Emerging economies are being driven by the need for new – and clean – energy installation.

“The main focus in the developing world is the pressing need to reduce pollution levels,” says Macquarie Chief Economist and Head of Macro Strategy Ric Deverell. “This economic and social necessity is likely to see China lead the way in renewable investment, whether it be the electrification of the car fleet, or innovative ways to integrate renewable energy into the power grid”.

The world’s biggest power market, China will be the largest investment destination for renewables, with the country’s wind and solar capacity expected to increase eightfold by 2040.

In advanced economies such as Japan, South Korea and Taiwan, clean energy sources are driving the transition from nuclear and coal, especially given their need to import fuel and manage the challenges of a seismically active region.

Taiwan has launched its first offshore wind farm as part of a government plan to install more than 1,000 wind turbines by 2023, enough to power around one million homes.

Most of these projects have a lasting impact beyond providing energy to local communities, says John Jackman, Head of Development Capital Asia for Macquarie Capital.

“As well as providing clean energy, we interact with the local community in terms of development, local jobs and the local supply chain,” he says. “We aim to transfer knowledge and ensure there are benefits for the population.”

Asia also appears at the front line of innovation in renewable energy, says Way.

“Some of the breakthrough technology is being developed in China, Korea and Japan,” he says. “This is true of technology in general but also within renewables.”

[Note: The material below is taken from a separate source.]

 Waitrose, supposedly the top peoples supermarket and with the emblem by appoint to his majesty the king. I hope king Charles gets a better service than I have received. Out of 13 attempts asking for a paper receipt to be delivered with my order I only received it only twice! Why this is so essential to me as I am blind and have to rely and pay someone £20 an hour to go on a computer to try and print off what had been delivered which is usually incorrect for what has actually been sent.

Japan has pioneered waste technology since its rapid industrialisation in the 1960s, driving an 84 per cent reduction in industrial waste to landfill in the 20 years to 2010.

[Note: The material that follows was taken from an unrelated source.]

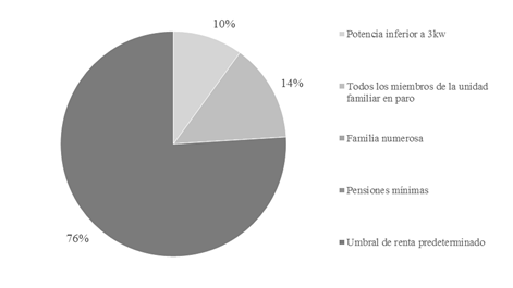 Los requisitos para acceder al bono social no tienen en cuenta criterios económicos como pueden ser los ingresos familiares. En este sentido, al contrario de lo que sostiene Marín Uribe (2009), el bono social no está protegiendo a los consumidores más vulnerables de las subidas de la tarifa eléctrica. Puesto que la pérdida de poder adquisitivo de las familias es una de las principales causas del aumento de la pobreza energética (Tirado Herrero et al., 2014), redefinir el concepto de consumidor vulnerable es una prioridad.
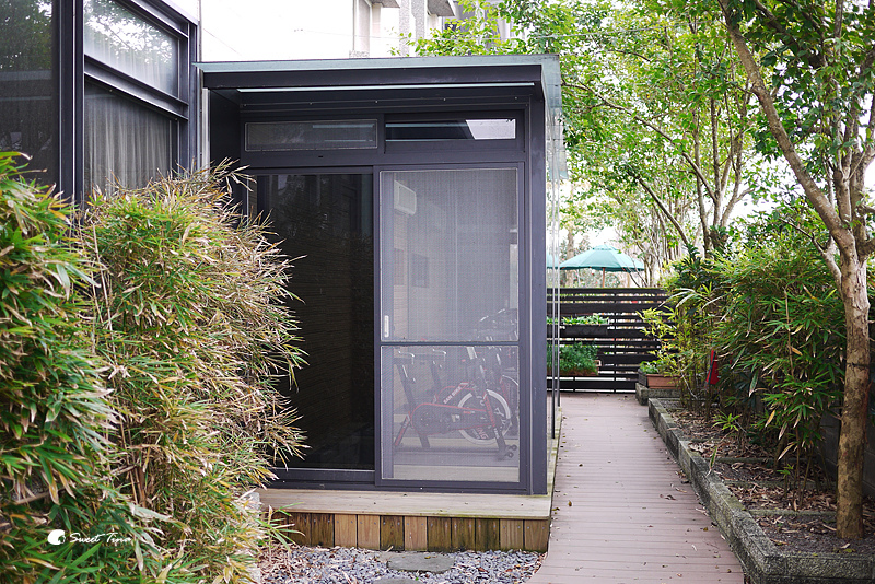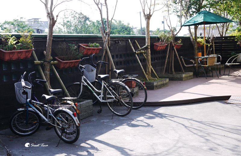 一旁還有停放腳踏車,可以提供房客免費租借,去感受這兒的田園風光,不過很可惜的是這兒沒有腳踏車專用道,雖然往返的車子不多,但我們還是不放心讓瑋兒在大馬路上騎腳踏車,所以就作罷囉!

Following the Fukushima nuclear crisis in 2011, Japan has further reformed its electricity system in favour of renewable energy generation.

Way sees significant scope for private sector involvement in the region’s energy development. “Over the next 15 years, Asia needs more than $US20 trillion to realise its infrastructure needs – including green energy,” he says.

“You have to create the confidence for institutional capital to help fund those projects. That’s the biggest challenge for Asia today, but also its biggest opportunity.”

Creating a more efficient energy system

The pace of change in the energy sector shows no signs of slowing. The power landscape will look very different in ten years’ time as new ways unfold to foster cleaner, cheaper and more reliable energy and bring renewables further to the forefront of the power sector.

As renewable power becomes more integrated with the energy system, greater consumer control over energy use and pursuit of cost efficiencies will lead to greater network decentralisation, says Ed Northam, Head of Green Investment Group in Europe.

“I expect we’ll see a substantially transformed industry in terms of both generation solutions and a decentralised model. One that draws heavily on clean power and where generation is located increasingly at the point of consumption,” says Northam.

New demand for clean power will also stem from governments’ efforts to reduce carbon emissions in heating and transport and attract private investment to meet the scale of global energy investment required.

“The regulatory framework and tariff regime is what creates greenfield opportunities,” says Macquarie Capital’s Head of Development Capital Asia, John Jackman. “What’s important is the long-term consistency of government policy.”

As system-wide innovation in the renewable sector makes it a more reliable source of power, and one which helps individual consumers to become more energy self-sufficient, entire energy markets will become more efficient.

“Getting better at how we use energy, working out where the major load is and managing that load in a smarter manner,” says Northam. “That’s what it is all about – enhancing the efficiency of the energy system as a whole.”